EXTRACTED RECORDS Start Marker
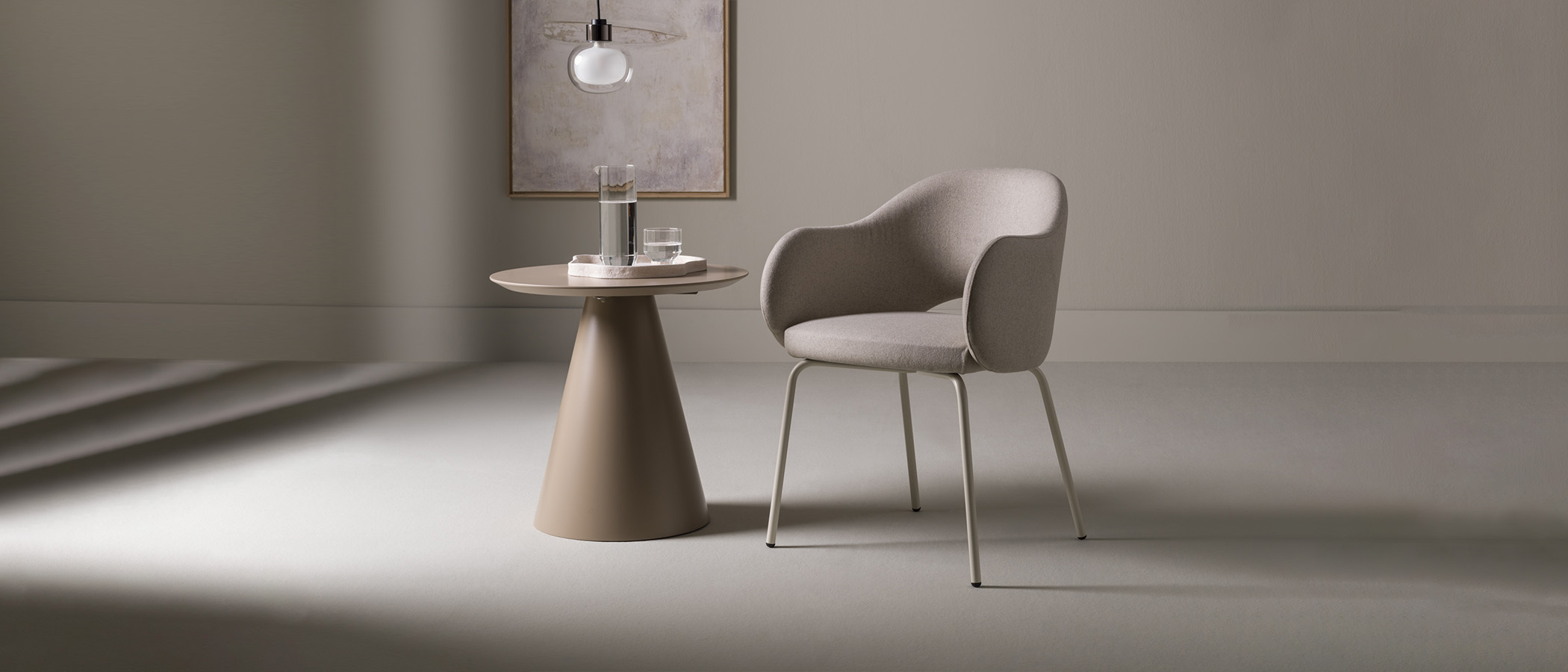 An elegant armchair with an opening between the back and seat. The backrest seamlessly flows into the armrests, making for a comfortable, fully-upholstered chair.
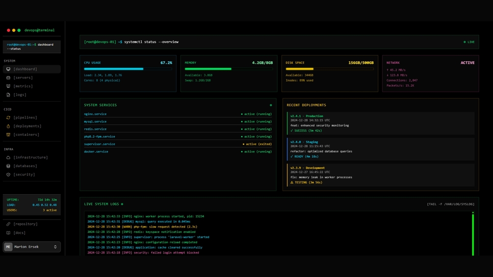 With its distinctive terminal-inspired aesthetic, dark and light themes, and completely backend-agnostic architecture, Terminal offers a stunning, fully responsive admin panel foundation that drops into any tech stack — Laravel, Livewire, Node.js, Rails, Django, or custom APIs.
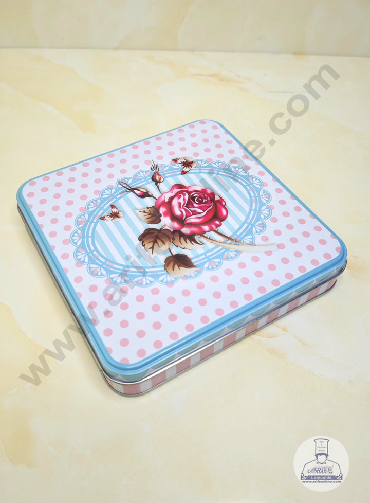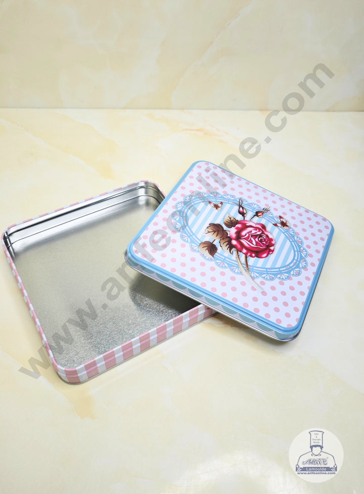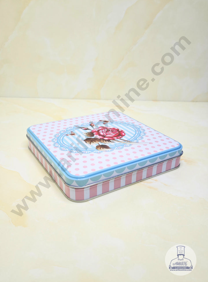 CAKE DECOR™ Medium Pink Polka Dot & Blue Striped Rose Square Storage Tin - Length: 18 cm x  Breadth: 18 cm x Height: 3 cm
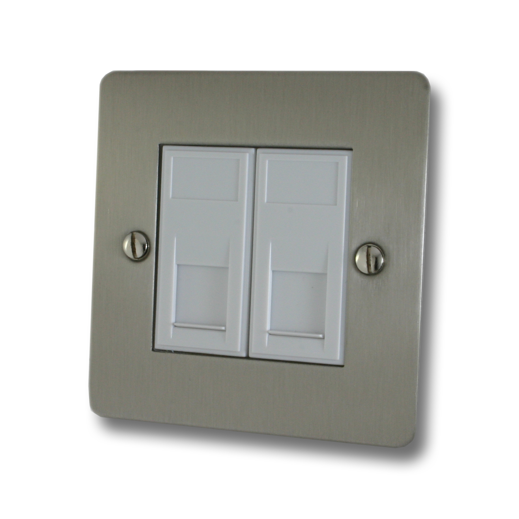 Flat Brushed Steel RJ45 Socket (2 Gang/White Insert) - G+H FSS62W
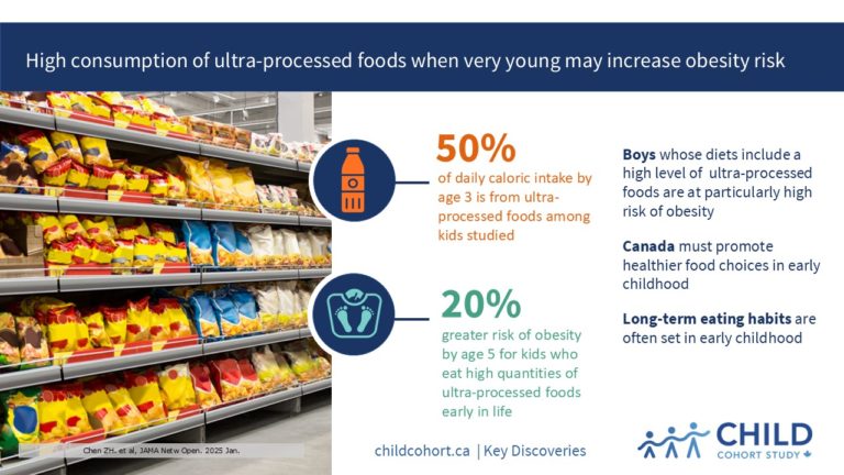 CHILD research has found that that ultra-processed food consumption among preschool Canadian children is alarmingly high. It also found this to be associated with greater risk of living with obesity or overweight, especially among boys.
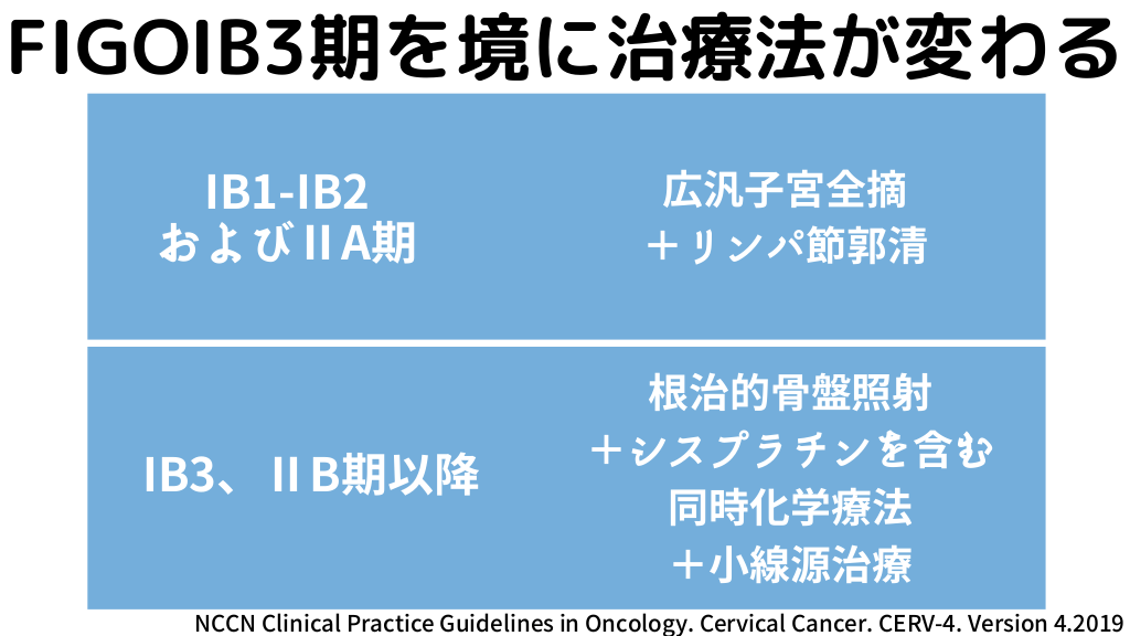 #6. FIGOⅠB3期を境に治療法が変わる IB1-IB2 およびⅡA期 IB3、ⅡB期以降 広汎子宮全摘 +リンパ節郭清 根治的骨盤照射 +シスプラチンを含む 同時化学療法 +小線源治療 NCCN Clinical Practice Guidelines in Oncology. Cervical Cancer. CERV-4. Version 4.2019
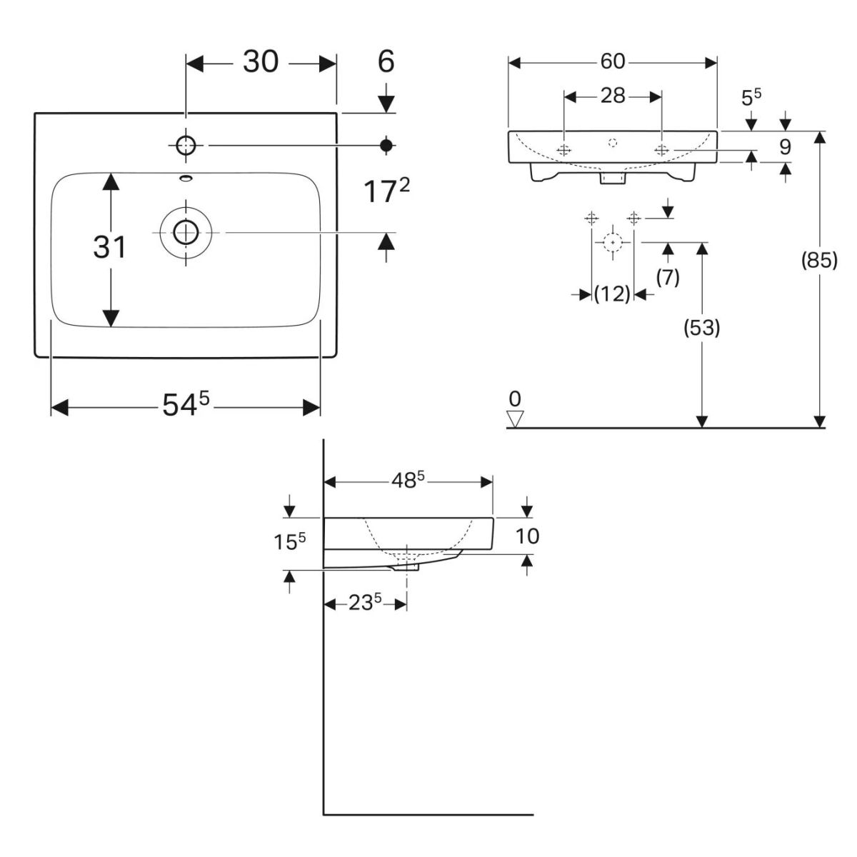 Geberit iCon Waschbecken 60x48 cm rechteckig Möbel weiß 124060600
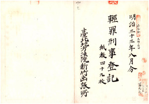 明治三十三年八月分輕罪刑事登記(台北地方法院新竹出張所)
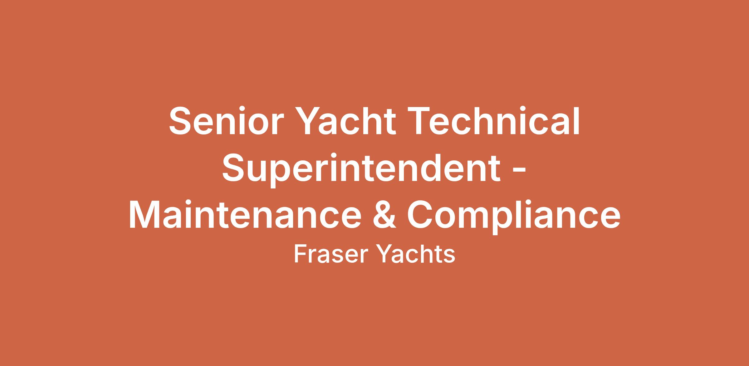 The Technical Superintendent is responsible for the oversight and coordination of all technical aspects of Fraser-managed superyachts. This includes ensuring vessels technical compliance, maintenance planning, refit planning and support, and technical performance monitoring. The role requires proactive engagement with captains, crew, shipyards, and suppliers to maintain the highest standards of safety, reliability, and operational excellence.
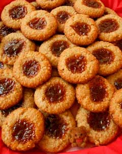 Βάζουμε στη λακκούβα λίγη από τη μαρμελάδα, χωρίς να την υπερχειλίσουμε και ψήνουμε σε προθερμασμένο φούρνο στους 180C για 13-16 λεπτά. Αφήνουμε να κρυώσουν 5-10 λεπτά.
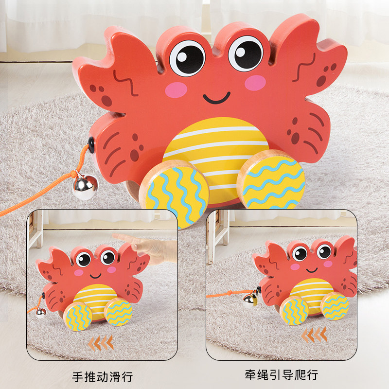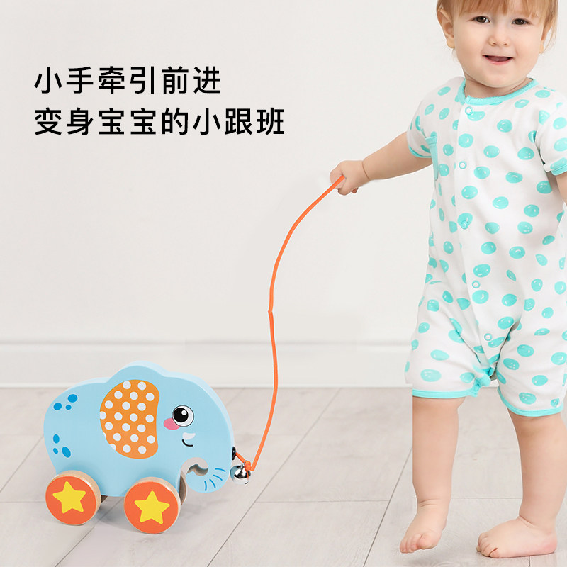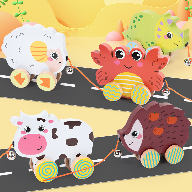 📚 宝宝益智趣味卡通动物牵引拖拉玩具跨境木制手拉绳奶牛大象鸭拖车
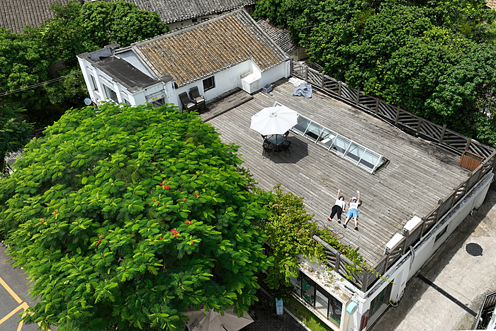 外间的天台宽敞开阔,铺设着木地板。工作人员介绍,这里是书房的室外活动区,在天气良好的情况下,一些沙龙活动也会在此举办。正值多云天气,深晚记者看到,几位来此游览的市民在天台的木地板上席地而坐,仰望天空的云卷云舒,脸上笑意油然而生。
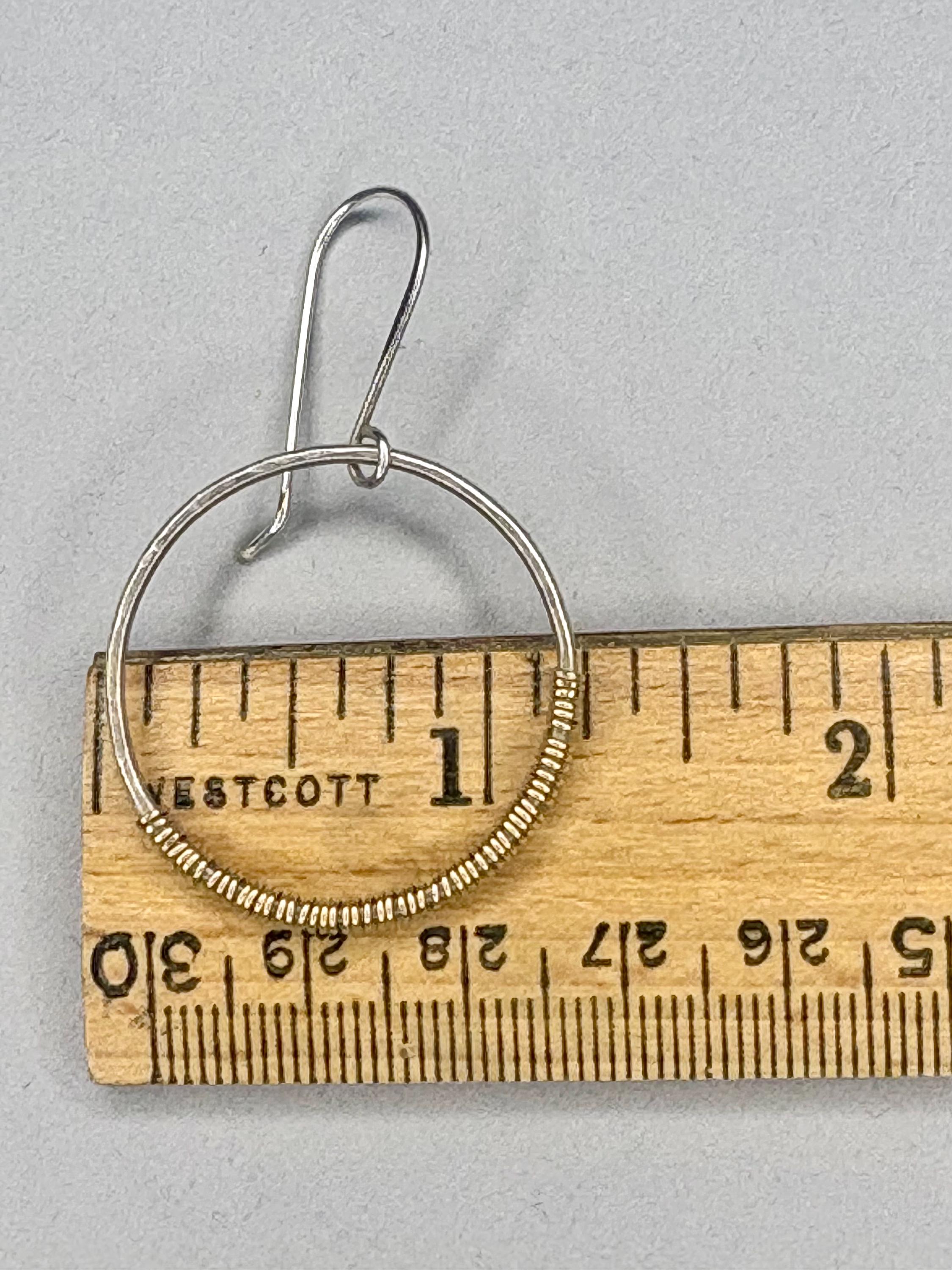 The hoops are about 1 and 1/4 inch wide and dangle from top to bottom at about 1 and 3/4 inches. They dangle from handmade sterling silver ear wires. Wear them with your silver or gold jewelry!
EXTRACTED RECORDS End Marker
▶ [WORK INSTRUCTIONS]: Copy the records exactly. Skip the pictures.

▶ [WRITTEN SOLUTION]:
 An elegant armchair with an opening between the back and seat. The backrest seamlessly flows into the armrests, making for a comfortable, fully-upholstered chair.
 With its distinctive terminal-inspired aesthetic, dark and light themes, and completely backend-agnostic architecture, Terminal offers a stunning, fully responsive admin panel foundation that drops into any tech stack — Laravel, Livewire, Node.js, Rails, Django, or custom APIs.
 CAKE DECOR™ Medium Pink Polka Dot & Blue Striped Rose Square Storage Tin - Length: 18 cm x  Breadth: 18 cm x Height: 3 cm
 Flat Brushed Steel RJ45 Socket (2 Gang/White Insert) - G+H FSS62W
 CHILD research has found that that ultra-processed food consumption among preschool Canadian children is alarmingly high. It also found this to be associated with greater risk of living with obesity or overweight, especially among boys.
 #6. FIGOⅠB3期を境に治療法が変わる IB1-IB2 およびⅡA期 IB3、ⅡB期以降 広汎子宮全摘 +リンパ節郭清 根治的骨盤照射 +シスプラチンを含む 同時化学療法 +小線源治療 NCCN Clinical Practice Guidelines in Oncology. Cervical Cancer. CERV-4. Version 4.2019
 Geberit iCon Waschbecken 60x48 cm rechteckig Möbel weiß 124060600
 明治三十三年八月分輕罪刑事登記(台北地方法院新竹出張所)
 The Technical Superintendent is responsible for the oversight and coordination of all technical aspects of Fraser-managed superyachts. This includes ensuring vessels technical compliance, maintenance planning, refit planning and support, and technical performance monitoring. The role requires proactive engagement with captains, crew, shipyards, and suppliers to maintain the highest standards of safety, reliability, and operational excellence.
 Βάζουμε στη λακκούβα λίγη από τη μαρμελάδα, χωρίς να την υπερχειλίσουμε και ψήνουμε σε προθερμασμένο φούρνο στους 180C για 13-16 λεπτά. Αφήνουμε να κρυώσουν 5-10 λεπτά.
 📚 宝宝益智趣味卡通动物牵引拖拉玩具跨境木制手拉绳奶牛大象鸭拖车
 外间的天台宽敞开阔,铺设着木地板。工作人员介绍,这里是书房的室外活动区,在天气良好的情况下,一些沙龙活动也会在此举办。正值多云天气,深晚记者看到,几位来此游览的市民在天台的木地板上席地而坐,仰望天空的云卷云舒,脸上笑意油然而生。
 The hoops are about 1 and 1/4 inch wide and dangle from top to bottom at about 1 and 3/4 inches. They dangle from handmade sterling silver ear wires. Wear them with your silver or gold jewelry!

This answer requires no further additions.